Aujourd’hui, je vous poste la critique d’un roman faite pour le Prix de la Critique de Puteaux de l’année dernière. Bonne lecture !

Aller_simpleFaisons court : il n’est pas simple de dépeindre tous les éléments qui caractérisent le roman de Carlos Salem, tant il est riche et complexe. Mais essayons tout de même… C’est Octavio, un Espagnol en vacances au Maroc, que l’on découvre et accompagne. Dès la première ligne, sa femme, qu’il déteste tant, meurt brusquement. La liberté que cela lui procure le pousse à fuir.

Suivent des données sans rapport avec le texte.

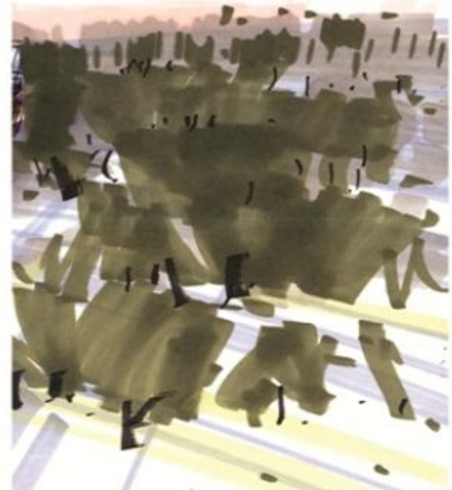
نمایش درختان با زاویه دید بالا

Et c’est là qu’il rencontre Soldati, un escroc argentin complètement loufoque. Tous les deux vont vagabonder dans le désert ou dans des villes perdues et rencontrer des personnages farfelus et aliénés.

Ainsi racontée, l’histoire semble, certes, originale mais plutôt simple. Méprenez-vous ! On pense parfois à Je m’appelle Jeanne Mass de Thomas Lelu, mais Carlos Salem se fait plus littéraire. De la même manière, on suit les aventures rocambolesques d’un héros poursuivi par ses ennemis. Octavio, dans Aller Simple, tente de fuir à des boliviens prêts à le tuer pour récupérer un carnet qu’il n’a pas. Et c’est dans cette fuite qu’il fait la connaissance de nombreux personnages. On en retiendra deux, particulièrement timbrés : d’abord, un hippie nommé Charly, lui aussi vagabond. Au cours du roman, il devient le grand Carlos Gardel, chanteur incontournable de tango pour tous les amateurs. L’auteur s’amuse avec la réalité et la fiction : il offre un rôle savoureux, presque central, au personnage, qu’il ressuscite après son accident d’avion mortel. Le chanteur a pour but d’assassiner Julio Iglesias, qui a massacré l’une de ses chansons. Et c’est avec un sérieux étonnant qu’il entraîne ses deux compères (Octavio et Soldati) jusqu’en Espagne. Et l’on aime aussi Mowles, un vieil écrivain alcoolique au succès fou, qui jure pourtant n’avoir jamais rien écrit. On rit de ses fans complètement gagas, prêts à récupérer ses caleçons et son papier hygiénique, de son chat hystérique immédiatement conquis par Octavio.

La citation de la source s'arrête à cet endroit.